We can also add plot.title = element_text(hjust = 0.5)
to center the title:
grey_theme <- theme(axis.text.x = element_text(colour = "grey20", size = 12, angle = 45, hjust = 0.5, vjust = 0.5),
axis.text.y = element_text(colour = "grey20", size = 12),
text = element_text(size = 16),
plot.title = element_text(hjust = 0.5))
ggplot(percent_items, aes(x = village, y = percent)) +
geom_bar(stat = "identity", position = "dodge") +
facet_wrap(~ items) +
labs(title = "Percent of respondents in each village \n who owned each item",
x = "Village",
y = "Percent of Respondents") +
grey_theme
Exercise
With all of this information in hand, please take another five minutes to either improve one of the plots generated in this exercise or create a beautiful graph of your own. Use the RStudio
ggplot2
cheat sheet for inspiration. Here are some ideas:
- See if you can make the bars white with black outline.

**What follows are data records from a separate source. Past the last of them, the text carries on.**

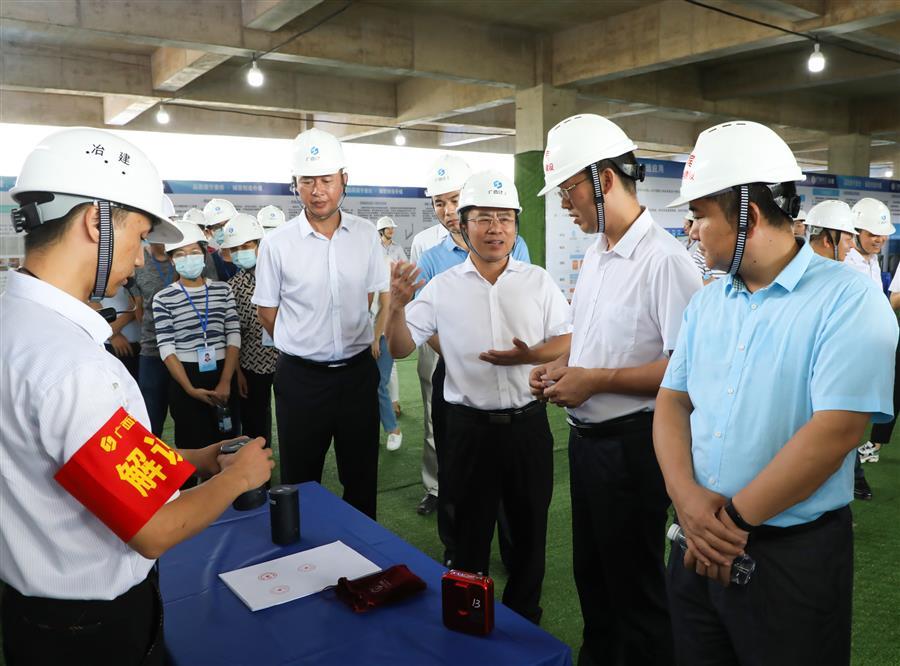 活動中,龍杏華首先表示,此次觀摩會是來賓市近年來舉辦過水平最高的一次觀摩會,感謝廣西建工冶建公司以及現(xiàn)場管理人員的努力付出,大家秉承工匠精神建設(shè)出了工程質(zhì)量優(yōu)、安全文明標(biāo)準(zhǔn)高的示范項(xiàng)目。隨后,龍杏華還宣講了習(xí)近平總書記關(guān)于安全生產(chǎn)的重要論述,并對下一步工作提出三點(diǎn)要求。一是高度重視,強(qiáng)化學(xué)習(xí),提高安全生產(chǎn)理論基礎(chǔ)。全市住建系統(tǒng)、各建筑企業(yè)要扎實(shí)開展安全生產(chǎn)警示教育學(xué)習(xí)和典型事故案例警示宣講活動,督促行業(yè)從業(yè)人員深刻汲取事故教訓(xùn),提高安全防范意識、風(fēng)險辨識能力和應(yīng)急處置能力,督促企業(yè)相關(guān)責(zé)任人強(qiáng)化安全生產(chǎn)紅線意識和底線意識,確保安全生產(chǎn)。二是深刻吸取事故教訓(xùn),全面做好建筑施工安全生產(chǎn)工作。要強(qiáng)化建筑施工預(yù)防坍塌、防墜落事故專項(xiàng)檢查;強(qiáng)化企業(yè)安全生產(chǎn)主體責(zé)任落實(shí);強(qiáng)化建設(shè)工程行業(yè)主管部門監(jiān)管責(zé)任落實(shí);強(qiáng)化對建筑施工事故依法嚴(yán)肅查處;強(qiáng)化安全生產(chǎn)和文明施工宣傳教育培訓(xùn);切實(shí)做好汛期和夏季消防安全工作。三是繼續(xù)推進(jìn)“一金七制”,全面做好建筑領(lǐng)域治欠保支各項(xiàng)工作。要繼續(xù)推進(jìn)“桂建通”平臺應(yīng)用;全面梳理排查,健全完善在建工程項(xiàng)目臺賬;要健全根治機(jī)制,加強(qiáng)部門協(xié)同配合。
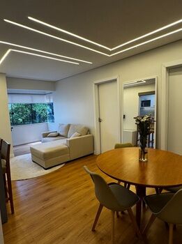 Eletros inclusos: -Geladeira; -Cooktop; -Ar condicionado quarto; -Microondas; -Máquina de lavar; Móveis etc: -Cortina em linho; -Cama box baú; -Sofá de linho; -Rack; -Tapete; -Suporte televisão; -Mesa de madeira maciça com 4 cadeiras; -Sapateira; -Espelhos; -Cadeira de escritório; -Banquetas em madeira maciça e linho; Recém reformado no último ano, com tudo novo e muito bem conservado. Ambientes bem distribuídos, aconchegantes e com excelente padrão de opção para investimento. Imóvel com ótima liquidez.
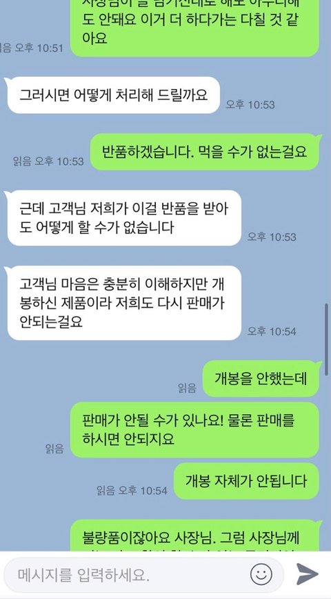 개봉한 상품이라 안된다고 함. 네? 개봉자체가 안된다구요.
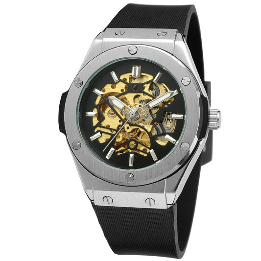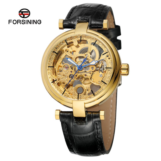 Forsining Men’s Mechanical Skeleton Watch – Fashion Timepiece with Hollow Dial - Gold
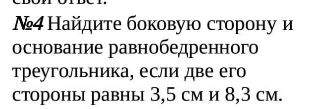 №4 Найдите боковую сторону и основание равнобедренного треугольника, если две его стороны равны 3,5 см и 8,3 см
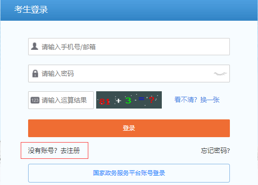 二、点击考生登录界面左下角“没有账号?去注册”;
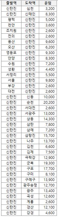 신탄진역을 출발하거나 도착하는 무궁화호 편도 요금입니다.
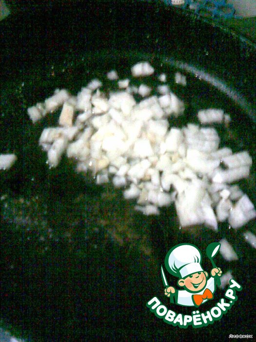 Посыпаем сковородку специями (соль, перец, имбирь), наливаем масло
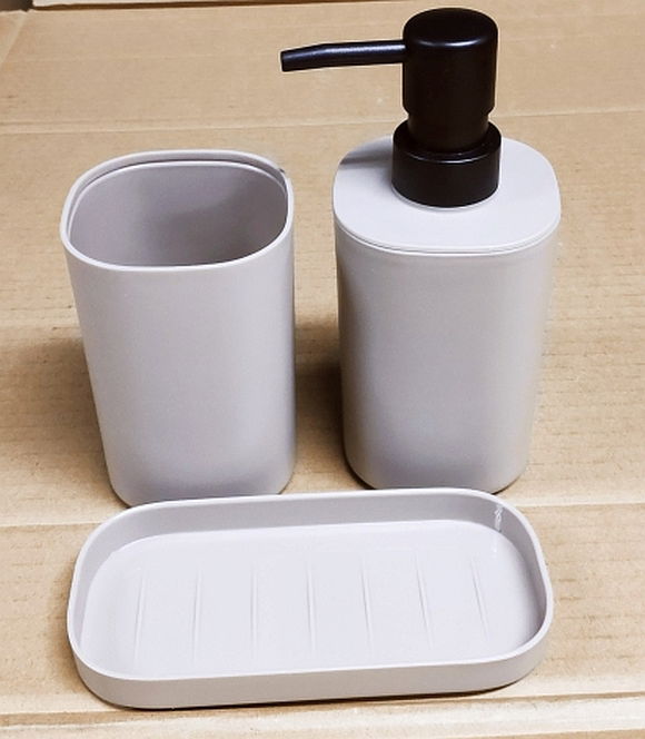 Zestaw łazienkowy: kubek, dozownik do mydła i mydelniczka. Z tworzywa sztucznego. Kolor taupe.
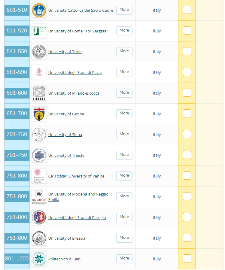 下面我们来看一下与国内同等排名的意大利大学有哪些。
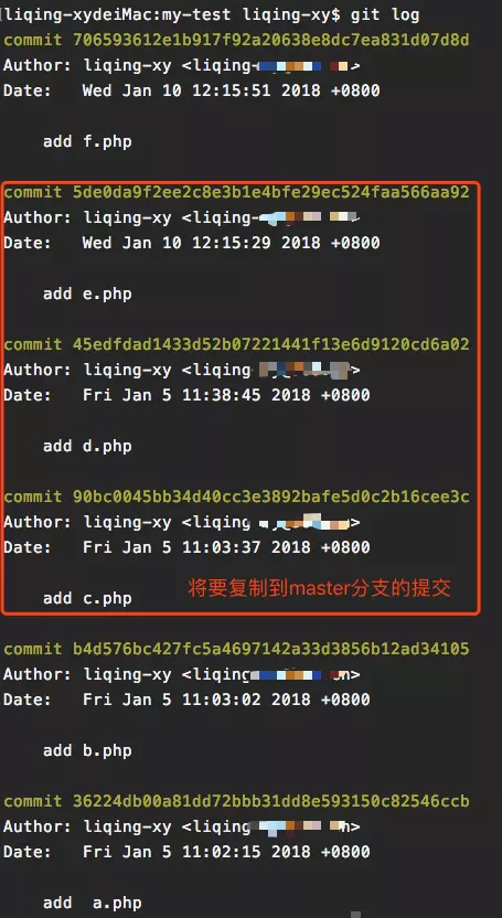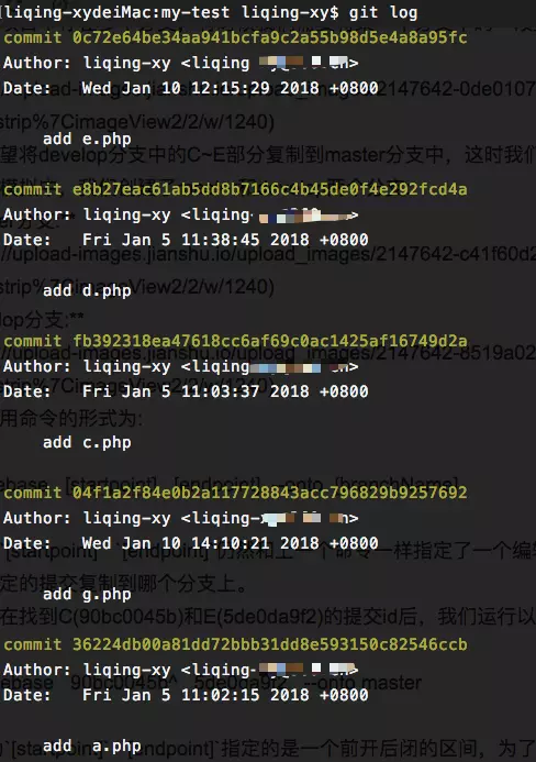 其中,[startpoint] [endpoint]仍然和上一个命令一样指定了一个编辑区间(前开后闭),--onto的意思是要将该指定的提交复制到哪个分支上。
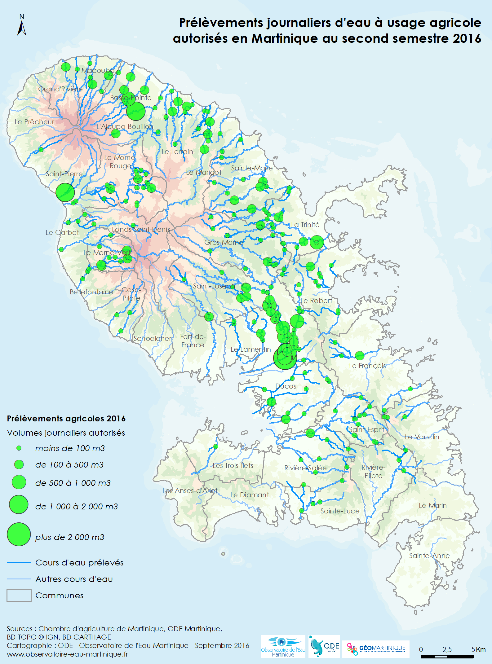 Prélèvements d'eau à usage agricole autorisés en Martinique au second semestre 2016

- Try using a different color palette (see http://www.cookbook-r.com/Graphs/Colors_(ggplot2)/).
After creating your plot, you can save it to a file in your favorite format. The Export tab in the Plot pane in RStudio will save your plots at low resolution, which will not be accepted by many journals and will not scale well for posters.
Instead, use the ggsave()
function, which allows you easily change the dimension and resolution of your plot by adjusting the appropriate arguments (width
, height
and dpi
).
Make sure you have the fig_output/
folder in your working directory.
my_plot <- ggplot(percent_items, aes(x = village, y = percent)) +
geom_bar(stat = "identity", position = "dodge") +
facet_wrap(~ items) +
labs(title = "Percent of respondents in each village \n who owned each item",
x = "Village",
y = "Percent of Respondents") +
theme_bw() +
theme(axis.text.x = element_text(colour = "grey20", size = 12, angle = 45, hjust = 0.5, vjust = 0.5),
axis.text.y = element_text(colour = "grey20", size = 12),
text = element_text(size = 16),
plot.title = element_text(hjust = 0.5))
ggsave("fig_output/name_of_file.png", my_plot, width = 15, height = 10)
Note: The parameters width
and height
also determine the font size in the saved plot.
Save, commit and push your changes as always!! You should now have a complete record of the workflow from this lesson, which you can go back to at any time.
Key Points
ggplot2
is a flexible and useful tool for creating plots in R.The data set and coordinate system can be defined using the
ggplot
function.Additional layers, including geoms, are added using the
+
operator.Boxplots are useful for visualizing the distribution of a continuous variable.
Barplot are useful for visualizing categorical data.
Faceting allows you to generate multiple plots based on a categorical variable.